Precise understanding of biological functions requires tools comparable in size to the basic components of life. Single molecule studies have revealed molecular behaviors usually hidden in the ensemble- and time-averaging of bulk experiments. Although most such approaches rely on sophisticated optical strategies to limit the detection volume, another attractive approach is to perform the assay inside very small containers. We have developed a silicone device presenting a large array of micrometer-sized cavities. We used it to tightly enclose volumes of solution, as low as femtoliters, over long periods of time. The microchip insures that the chambers are uniform and precisely positioned. We demonstrated the feasibility of our approach by measuring the activity of single molecules of β-galactosidase and horseradish peroxidase.
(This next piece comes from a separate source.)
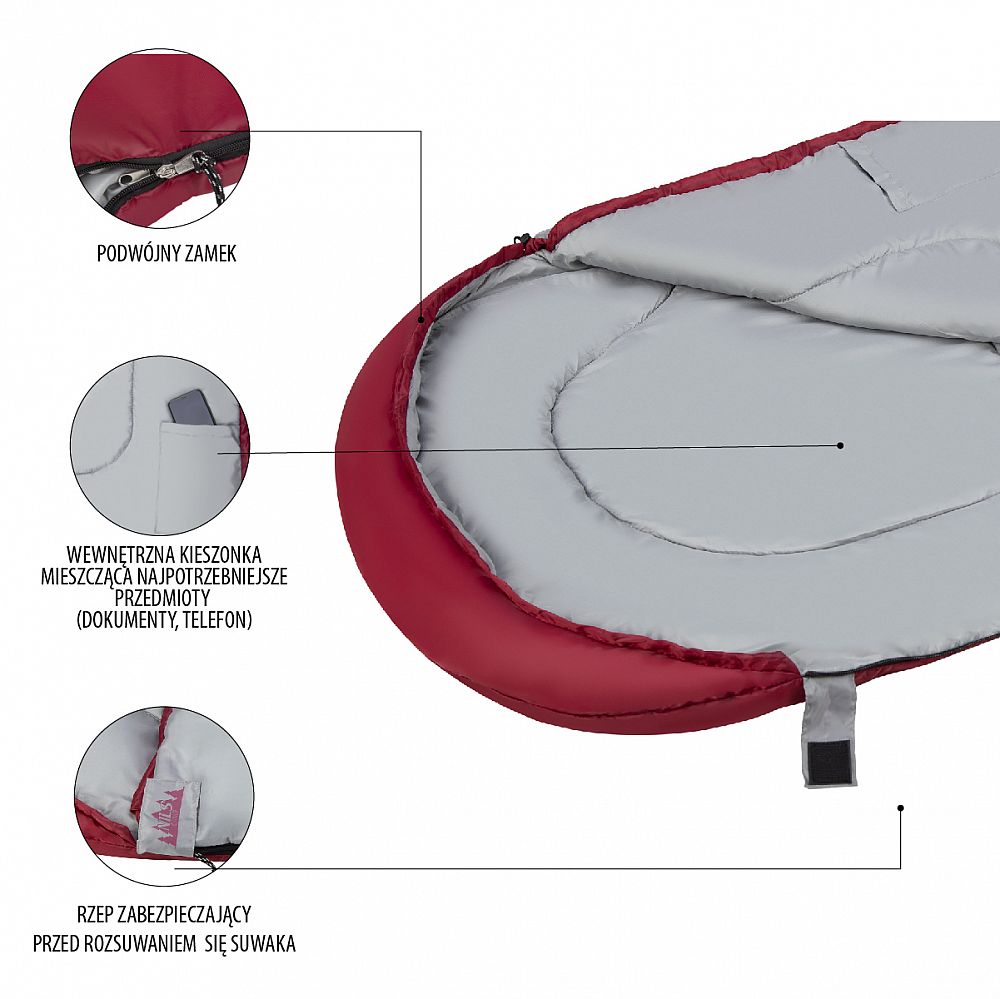 Popis: Predĺžený spací vak NILS Camp NC2008 bordó/sivý

The approach should be of interest for many ultrasensitive bioassays at the single-molecule level.

Photo Gel–Sol/Sol–Gel Transition and Its Patterning of a Supramolecular Hydrogel as Stimuli‐Responsive Biomaterials

In a focused library of glycolipid-based hydrogelators bearing fumaric amide as a trans-cis photoswitching module, several new photoresponsive supramolecular hydrogelators were discovered, the gel-sol/sol-gel transition of which was pseudo-reversibly induced by light. Studying the optimal hydrogel by NMR spectroscopy and various microscopy techniques showed that the trans-cis photoisomerization of the double bond of the fumaric amide unit effectively caused assembly or disassembly of the self-assembled supramolecular fibers to yield the macroscopic hydrogel or the corresponding sol, respectively. The entanglement of the supramolecular fibers produced nanomeshes, the void space of which was roughly evaluated to be 250 nm based on confocal laser scanning microscopy observations of the size-dependent Brownian motion of nanobeads embedded in the supramolecular hydrogel. It was clearly shown that such nanomeshes become a physical obstacle that captures submicro- to micrometer-sized substrates such as beads or bacteria. By exploiting the photoresponsive property of the supramolecular nanomeshes, we succeeded in off/on switching of bacterial movement and rotary motion of bead-tethered F(1)-ATPase, a biomolecular motor protein, in the supramolecular hydrogel. Furthermore, by using the photolithographic technique, gel-sol photopatterning was successfully conducted to produce sol spots within the gel matrix. The fabricated gel-sol pattern not only allowed regulation of bacterial motility in a limited area, but also off/on switching of F1-ATPase rotary motion at the single-molecule level. These results demonstrated that the photoresponsive supramolecular hydrogel and the resulting nanomeshes may provide unique biomaterials for the spatiotemporal manipulation of various biomolecules and live bacteria.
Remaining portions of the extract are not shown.